Usually the checkpoint is not enough to fully resolve the model architecture. We also need to know activations, the norm style (pre-norm vs. post-norm), etc. These information are usually not saved in the checkpoint.
A more general issue is that xFormers does not implement the input and output layers of the model. It means we can't provide a ready-to-use converter since it also depends on unknown user code. However, we can still provide a template or helper functions to process the xFormers model itself and let the user register the remaining modules.
I think the only layer xFormers doesn't implement is the output layer. I'd need to double check whether activations, etc. are in the checkpoint (I think they might be, but fused via triton), but a template would be super useful (where a user can give keys in the checkpoint to output layer weights, etc.)!
I think the only layer xFormers doesn't implement is the output layer.
Right, the word embedding layer is implemented in the "vocab" position embedding.
I also found they don't implement the final layer norm in the encoder/decoder when using the pre-norm residual style. We actually support that, but it's a difference with all other pre-norm implementations.
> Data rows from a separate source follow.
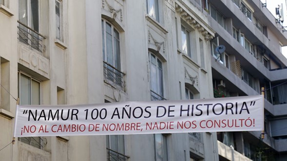 El pasado jueves vecinos de la calle Namur, en la comuna de Santiago, desplegaron un letrero con un mensaje: «Namur 100 años de historia. ¡No al cambio de nombre, nadie nos consultó!».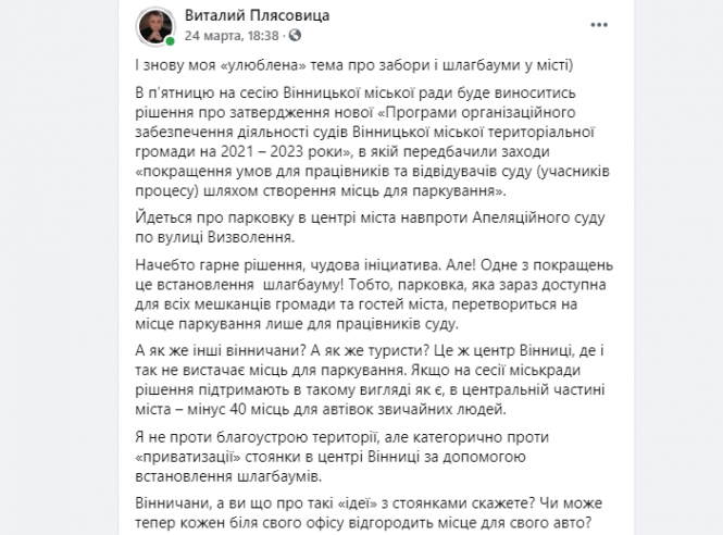 «Парковка, яка зараз доступна для всіх мешканців громади та гостей міста, (через установку шлагбаума - авт.) перетвориться на місце паркування лише для працівників суду. А як же інші вінничани, туристи? Це ж центр Вінниці, де і так не вистачає місць для паркування. Я не проти благоустрою території, але категорично проти «приватизації» стоянки в центрі Вінниці за допомогою встановлення шлагбаумів», — писав Плясовиця на своїй фейсбук-сторінці.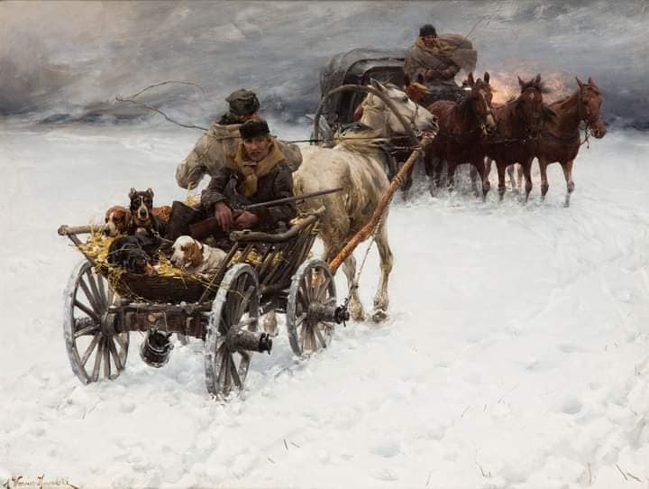 Jak ktoś mówi Wierusz-Kowalski to się myśli zaprzęgi i trojki konne. Dzisiaj zdałem sobie sprawę z jakim wyczuciem i ciepłem Wierusz portretował ‘najlepszego przyjaciela człowieka w tym szlachty – psy. Jakie słodkie są te psiaczki jadące saniami na miękkim posłaniu z siana.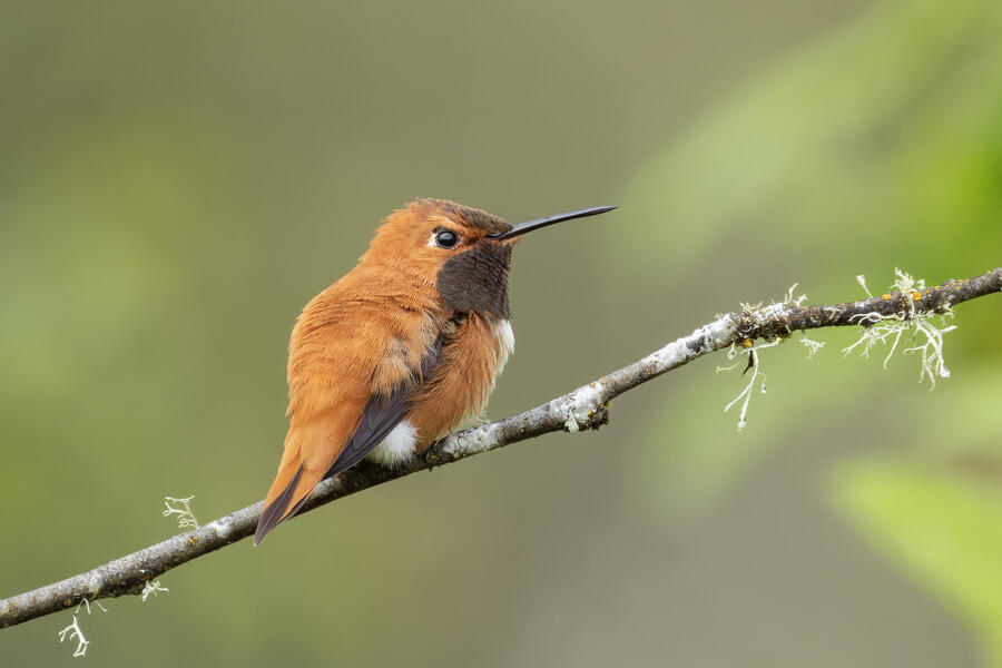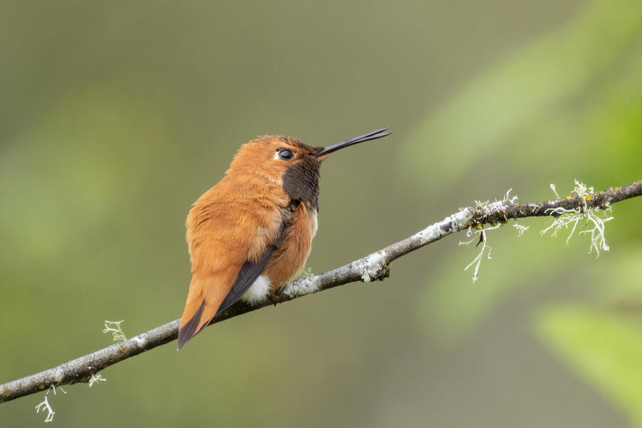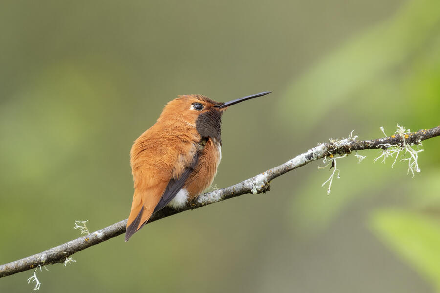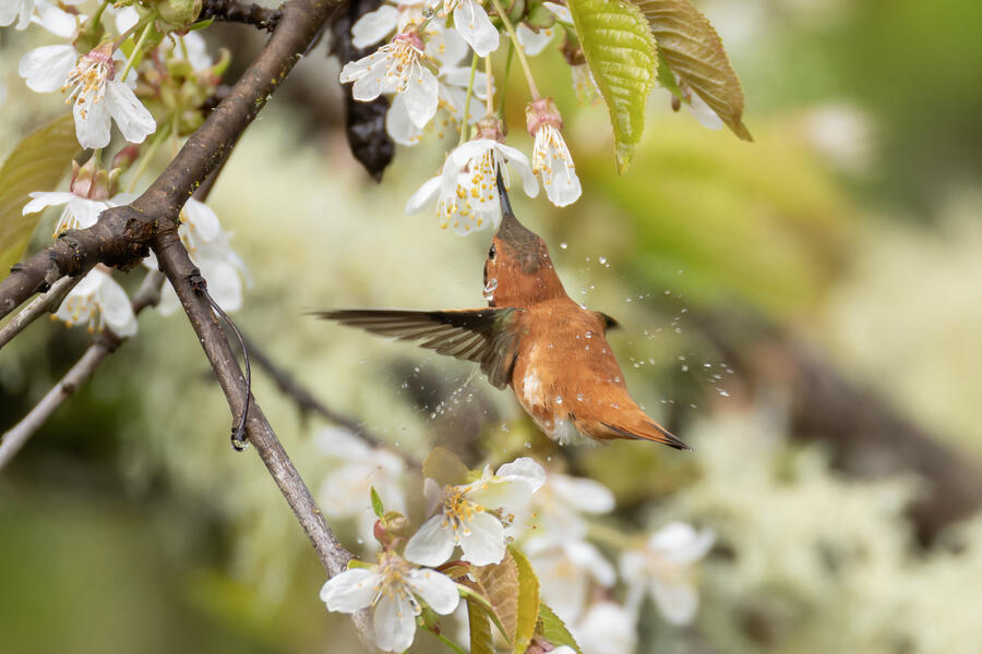 Rufous HummingbirdThis shot shows the pair of tail feathers with "notched" ends, which is the only way to tell a Rufous from an Allen's. All the male orange hummingbirds here are assumed to be Rufous, but I wonder how often Allen's Hummingbirds go unnoticed in this part of Oregon.

Anyway, here's a possible implementation of a xFormer converter: https://gist.github.com/guillaumekln/4761f65df1ce3e80f5969fd0f0a2c7f5
It gives an idea on how the conversion works and what are the supported encoder-decoder configurations. Please have a look at the TODOs and see if you can make it work for your model.
Hi @erip, did you have a chance to try a conversion?
xFormers is an optimized toolkit for highly configurable transformer-based encoder-decoder models. Adding support for inference through ctranslate2 would be highly useful to deploy xformers models.